• _Information supplied_:
= Beginning of Section =

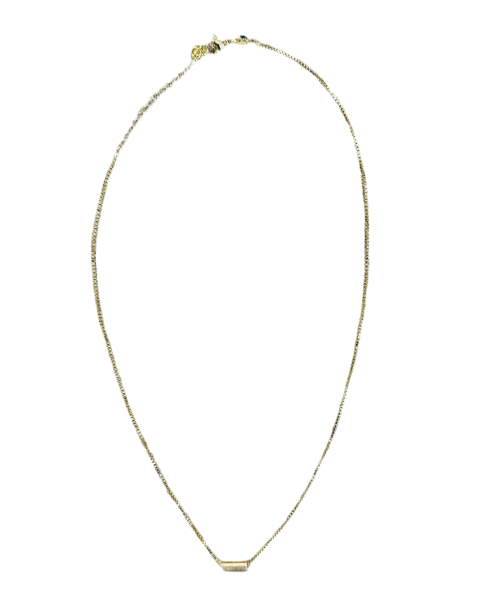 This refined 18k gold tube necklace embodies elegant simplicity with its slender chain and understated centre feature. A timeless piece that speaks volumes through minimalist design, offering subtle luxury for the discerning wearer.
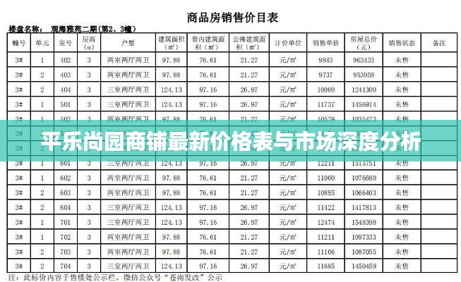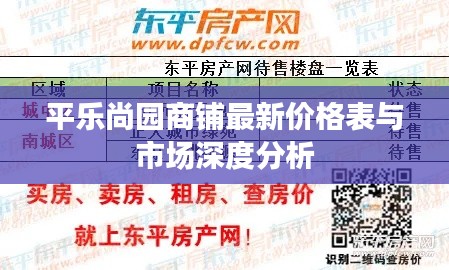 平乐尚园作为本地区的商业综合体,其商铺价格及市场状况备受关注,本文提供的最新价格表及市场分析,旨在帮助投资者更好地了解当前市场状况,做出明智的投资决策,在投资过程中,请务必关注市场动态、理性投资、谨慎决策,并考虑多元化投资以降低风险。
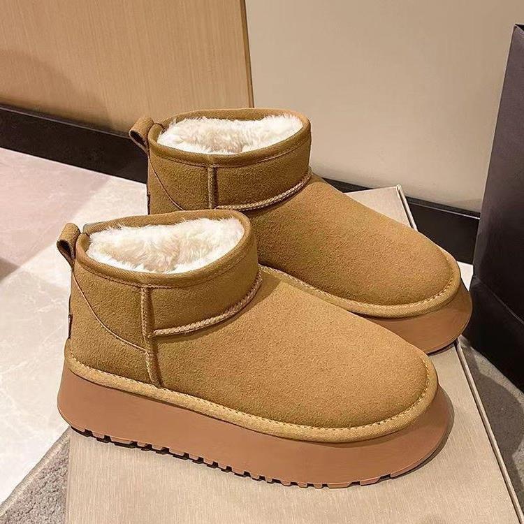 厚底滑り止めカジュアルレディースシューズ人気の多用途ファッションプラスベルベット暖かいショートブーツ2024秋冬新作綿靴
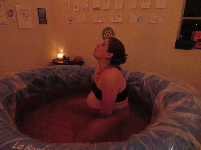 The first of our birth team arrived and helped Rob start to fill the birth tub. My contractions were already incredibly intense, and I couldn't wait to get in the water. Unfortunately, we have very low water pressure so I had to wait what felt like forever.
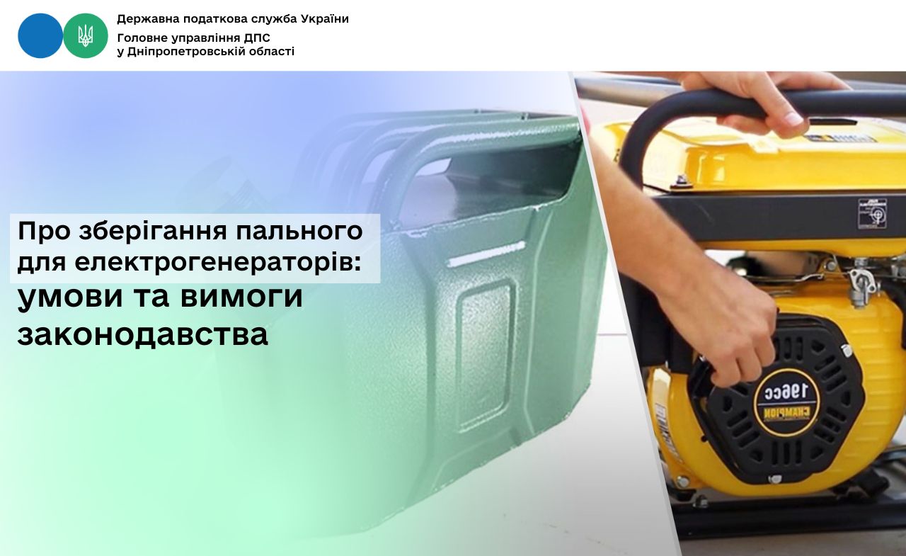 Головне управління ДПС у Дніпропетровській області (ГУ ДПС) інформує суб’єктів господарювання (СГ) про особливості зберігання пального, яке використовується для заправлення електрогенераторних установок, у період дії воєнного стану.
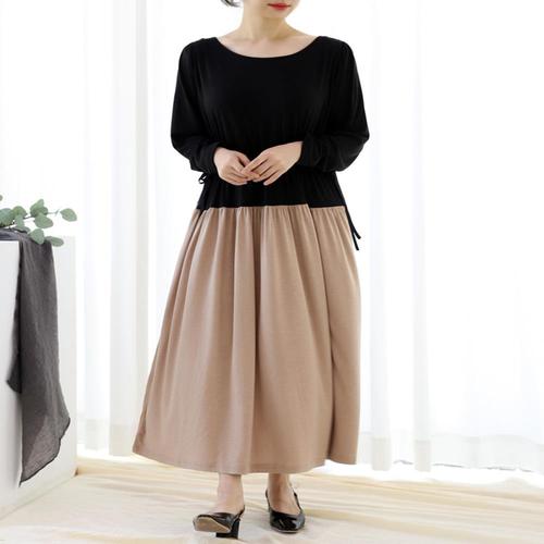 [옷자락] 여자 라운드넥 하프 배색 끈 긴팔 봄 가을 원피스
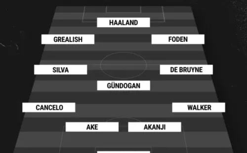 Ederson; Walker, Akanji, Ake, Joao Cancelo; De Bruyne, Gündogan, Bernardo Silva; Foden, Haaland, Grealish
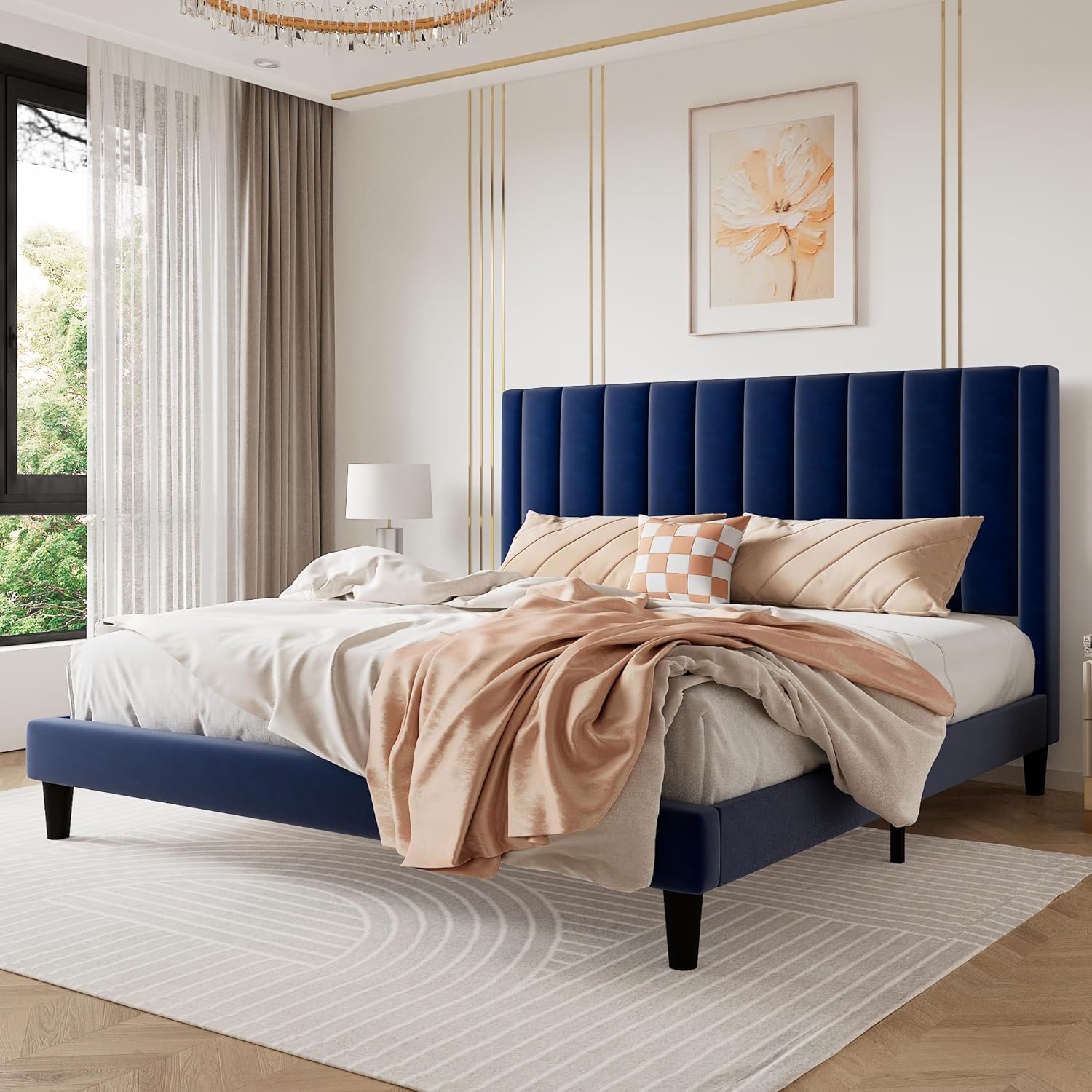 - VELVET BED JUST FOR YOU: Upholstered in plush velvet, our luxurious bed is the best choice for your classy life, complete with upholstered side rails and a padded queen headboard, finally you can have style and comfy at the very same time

= End of Section =
= Beginning of Section =

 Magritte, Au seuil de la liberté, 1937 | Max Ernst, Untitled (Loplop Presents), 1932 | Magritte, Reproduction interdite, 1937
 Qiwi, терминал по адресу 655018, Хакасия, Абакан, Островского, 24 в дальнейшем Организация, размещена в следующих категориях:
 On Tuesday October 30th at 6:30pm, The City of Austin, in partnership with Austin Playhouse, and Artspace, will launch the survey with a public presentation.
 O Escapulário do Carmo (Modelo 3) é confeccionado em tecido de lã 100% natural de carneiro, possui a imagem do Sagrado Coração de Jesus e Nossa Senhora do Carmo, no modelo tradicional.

= End of Section =
= Beginning of Section =

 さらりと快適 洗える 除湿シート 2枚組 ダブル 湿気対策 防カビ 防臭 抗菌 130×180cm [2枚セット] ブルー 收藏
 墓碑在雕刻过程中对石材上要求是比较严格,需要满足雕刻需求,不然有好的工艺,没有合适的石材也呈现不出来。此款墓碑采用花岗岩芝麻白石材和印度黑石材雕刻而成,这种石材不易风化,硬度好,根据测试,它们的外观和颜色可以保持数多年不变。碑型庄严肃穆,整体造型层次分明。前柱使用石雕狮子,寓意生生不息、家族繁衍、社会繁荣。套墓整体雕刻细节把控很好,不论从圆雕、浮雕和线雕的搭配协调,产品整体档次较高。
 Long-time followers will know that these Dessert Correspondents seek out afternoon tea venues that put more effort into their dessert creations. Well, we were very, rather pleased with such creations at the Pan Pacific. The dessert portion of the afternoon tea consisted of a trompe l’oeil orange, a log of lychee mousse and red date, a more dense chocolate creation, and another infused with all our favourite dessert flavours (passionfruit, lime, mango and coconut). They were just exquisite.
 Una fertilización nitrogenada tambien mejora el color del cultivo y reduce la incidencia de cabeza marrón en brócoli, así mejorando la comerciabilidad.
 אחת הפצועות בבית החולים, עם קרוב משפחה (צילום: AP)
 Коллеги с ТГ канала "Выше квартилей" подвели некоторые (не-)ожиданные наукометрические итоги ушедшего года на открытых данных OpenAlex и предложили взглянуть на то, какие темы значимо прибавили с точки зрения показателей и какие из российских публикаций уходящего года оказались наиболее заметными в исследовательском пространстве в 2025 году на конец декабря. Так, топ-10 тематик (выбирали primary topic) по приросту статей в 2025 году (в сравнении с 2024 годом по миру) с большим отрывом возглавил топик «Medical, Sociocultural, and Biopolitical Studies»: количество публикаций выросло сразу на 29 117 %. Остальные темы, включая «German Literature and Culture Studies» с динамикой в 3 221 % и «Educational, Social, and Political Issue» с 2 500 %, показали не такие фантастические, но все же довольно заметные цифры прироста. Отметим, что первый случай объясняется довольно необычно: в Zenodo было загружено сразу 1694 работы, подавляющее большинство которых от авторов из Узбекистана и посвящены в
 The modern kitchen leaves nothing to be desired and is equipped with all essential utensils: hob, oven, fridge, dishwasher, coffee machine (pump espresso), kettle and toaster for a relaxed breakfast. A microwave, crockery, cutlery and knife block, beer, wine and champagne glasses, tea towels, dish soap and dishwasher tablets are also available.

= End of Section =

• _Directions_: The answer is the lines of the material above, from the one containing "[옷자락] 여자 라운드넥 하프 배색 끈 긴팔 봄 가을 원피스" down to the one containing "- VELVET BED", given exactly and without images.

• _Answer for this exercise_:
 [옷자락] 여자 라운드넥 하프 배색 끈 긴팔 봄 가을 원피스
 Ederson; Walker, Akanji, Ake, Joao Cancelo; De Bruyne, Gündogan, Bernardo Silva; Foden, Haaland, Grealish
 - VELVET BED JUST FOR YOU: Upholstered in plush velvet, our luxurious bed is the best choice for your classy life, complete with upholstered side rails and a padded queen headboard, finally you can have style and comfy at the very same time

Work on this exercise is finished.